Aim of the exercise: Produce the lines from the one containing "The Rioja bikini" through the end of the material exactly as they appear, both ends included, and leave the pictures out.

The data:
★ ★ ★ ★ ★

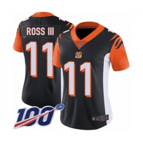 >Women's Cincinnati Bengals #11 John Ross Black Team Color Vapor Untouchable Limited Player 100th Season Football Jersey
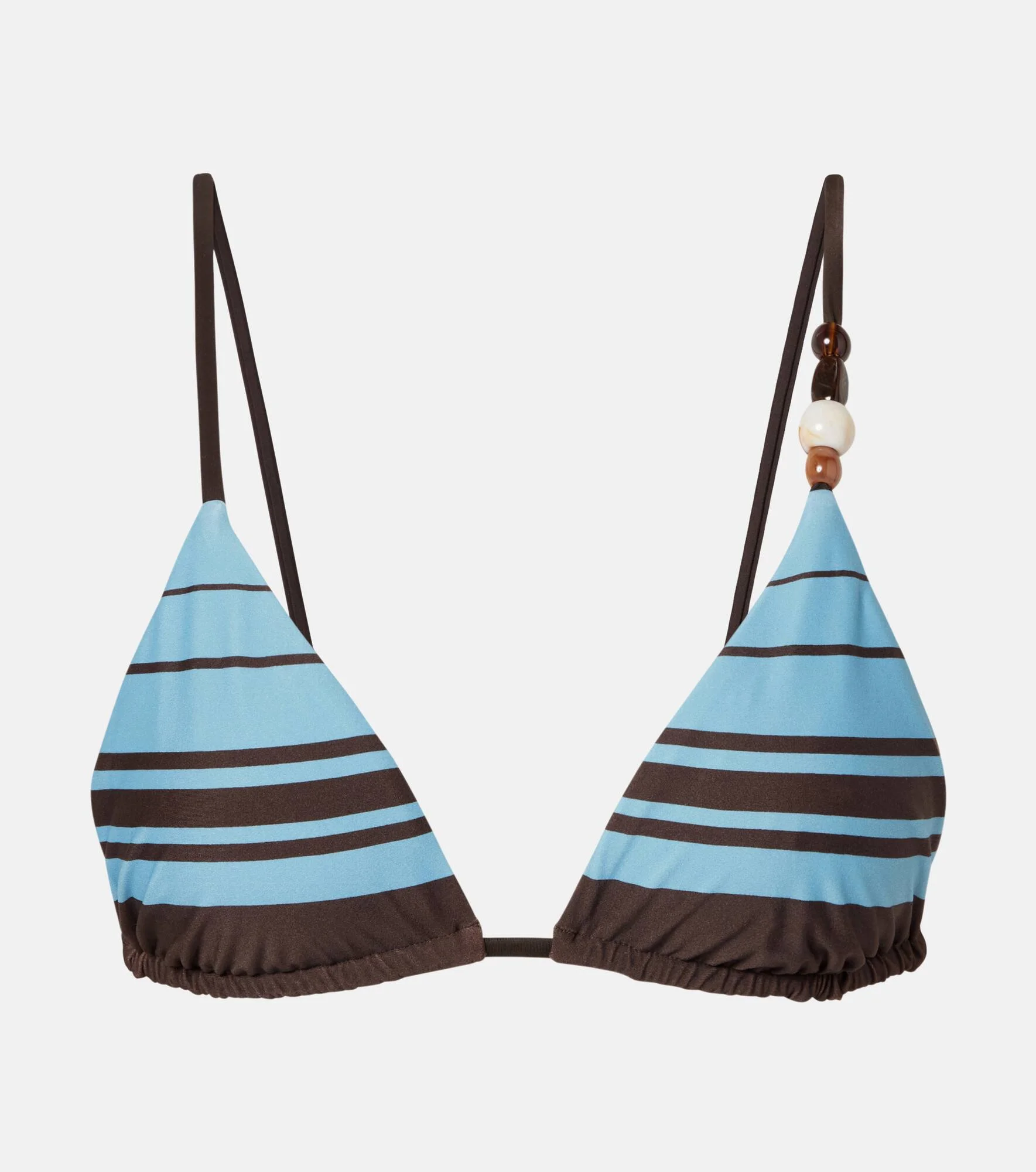 The Rioja bikini top from SIR is presented in the classic triangle silhouette. This design is defined by contrast striped detailing, a cluster of beads on one side, and adjustable ties on the back. Product Details - Material: 76% nylon, 24% elastane - Care instructions: hand wash - Made in China - Designer color name: Pacha Mineral Stripe - Item color: blue, brown - Lining: 74% nylon, 26% elastane - Closure: self-ties - Item number: P01125312 Size & Fit - True to size - Unpadded Top - The model seen in the picture is 178cm-5'10", cup size B, and wearing a size 1
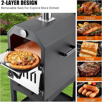- 1. Material: Crafted from high-grade carbon steel with a thick iron-plastic spray powder finish, this outside pizza oven is built to last and guaranteed not to rust for up to 2 years.
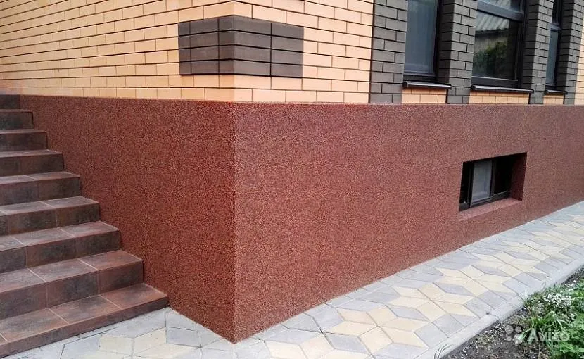 Еще один неплохой пример оформления цоколя – покрытие основания штукатуркой «короед». После нанесения штукатурки поверхность напоминает структуру дерева, изъеденного короедом, что выглядит весьма оригинально. В состав мозаичной штукатурки входит смола, которая делает покрытие водонепроницаемым.

★ ★ ★ ★ ★

Response for this exercise:
 The Rioja bikini top from SIR is presented in the classic triangle silhouette. This design is defined by contrast striped detailing, a cluster of beads on one side, and adjustable ties on the back. Product Details - Material: 76% nylon, 24% elastane - Care instructions: hand wash - Made in China - Designer color name: Pacha Mineral Stripe - Item color: blue, brown - Lining: 74% nylon, 26% elastane - Closure: self-ties - Item number: P01125312 Size & Fit - True to size - Unpadded Top - The model seen in the picture is 178cm-5'10", cup size B, and wearing a size 1
- 1. Material: Crafted from high-grade carbon steel with a thick iron-plastic spray powder finish, this outside pizza oven is built to last and guaranteed not to rust for up to 2 years.
 Еще один неплохой пример оформления цоколя – покрытие основания штукатуркой «короед». После нанесения штукатурки поверхность напоминает структуру дерева, изъеденного короедом, что выглядит весьма оригинально. В состав мозаичной штукатурки входит смола, которая делает покрытие водонепроницаемым.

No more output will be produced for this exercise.